Notes on 8 Majorana Fermions

TL;DR

This work analyzes the $d=1+1$ dimensional system of eight Majorana fermions through the lens of SO(8) triality, showing self- and chiral-trialities that relate $8_v$, $8_s$, and $8_c$ representations via ${f Z}_2$ gauge fields and Arf invariants. It develops a robust framework based on bosonization, partition-function identities, and background spin structures to connect free fermions with gauge-theoretic duals, and extends these dualities to the worldsheet of the superstring, including Type II and Type 0 theories. The paper then leverages these dualities to address symmetric mass generation, demonstrating how Spin(8) and Spin(7) invariant interactions can gap the eight Majoranas while preserving discrete ${f Z}_2$ symmetries, with Arf terms driving the phase structure.

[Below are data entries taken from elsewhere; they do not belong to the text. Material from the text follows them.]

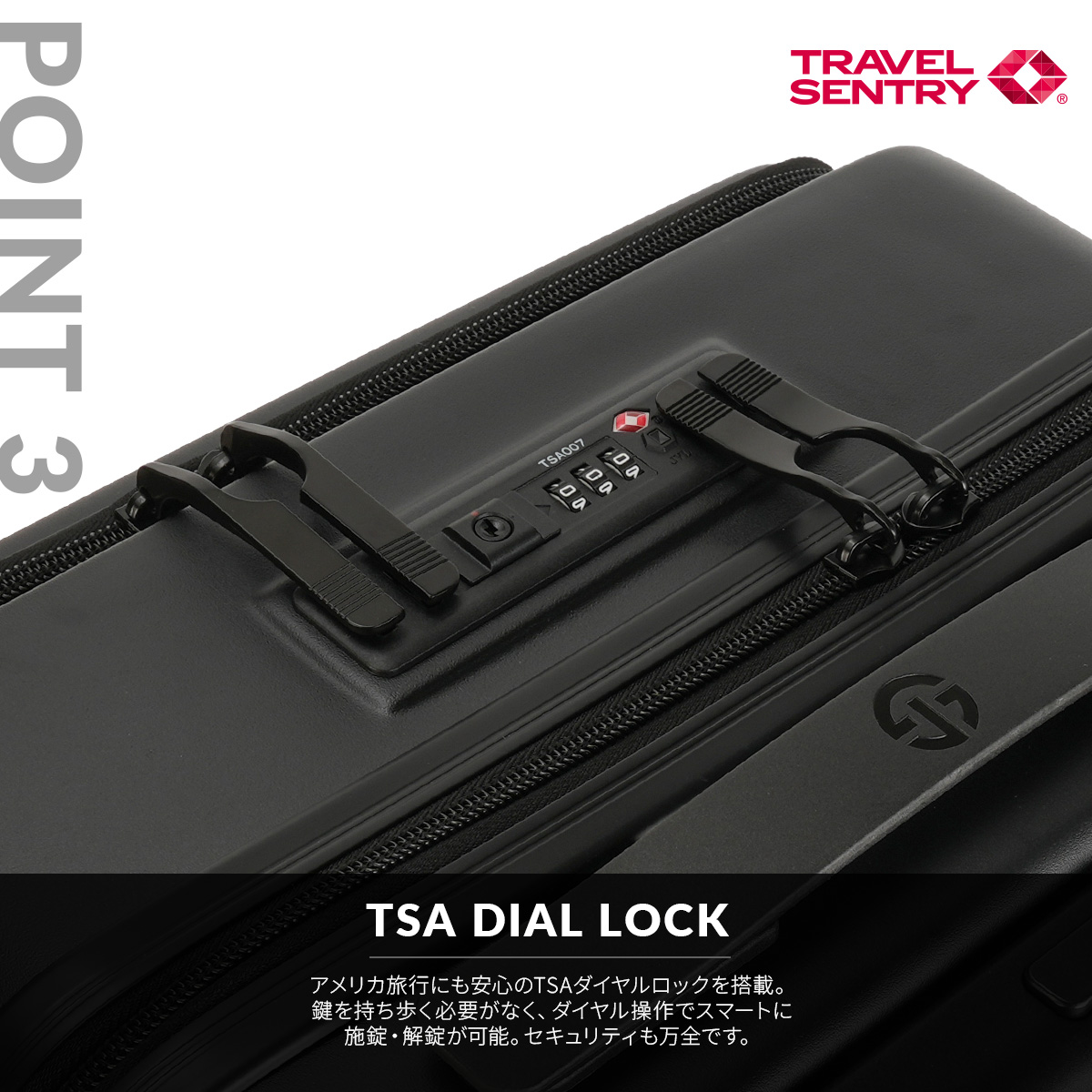 ●このスーツケースのTSAロックはダイヤルコンビネーションロックです。鍵穴はTSA職員が緊急の際に解錠して検査を行うためのものであり、差し込み式のキーは付属しておりません。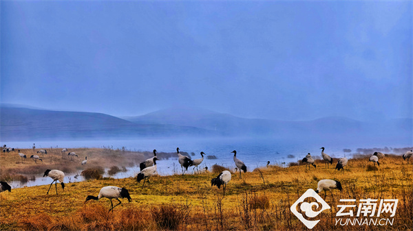连日来,云南大山包黑颈鹤国家级自然保护区迎来越冬黑颈鹤迁徙高峰。截至11月26日上午10时,飞抵大山包越冬的黑颈鹤达到2103只,刷新了历史同期观测数据。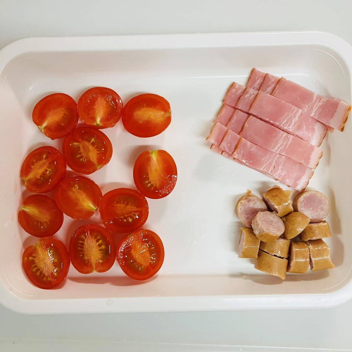 ベーコンは1cm幅にスライスし、ウインナーは輪切りにしましょう。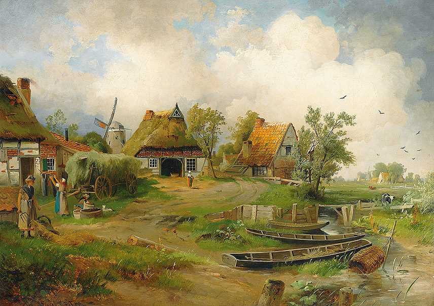Niederrheinische Dorflandschaft von Paul Köster Öl auf Leinwand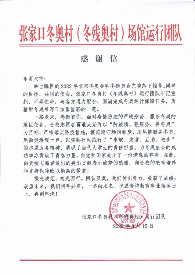 2022年北京冬奥会和冬残奥会完美落下帷幕,来自我院的贾港大同学参加了此次盛会的志愿工作,以实际行动践行了“奉献、友爱、互助、进步”的志愿服务精神,展现了当代大学生的责任担当。

Collectively, the results illuminate how spin structure, gauge sectors, and dualities orchestrate the spectrum and ground-state structure across 2D dual descriptions, with implications for SPT physics and string quantization.

Abstract

Eight Majorana fermions in $d=1+1$ dimensions enjoy a triality that permutes the representation of the $SO(8)$ global symmetry in which the fermions transform. This triality plays an important role in the quantization of the superstring, and in the analysis of interacting topological insulators and the associated phenomenon of symmetric mass generation. The purpose of these notes is to provide an introduction to the triality and its applications, with careful attention paid to various ${\bf Z}_2$ global and gauge symmetries and their coupling to background spin structures.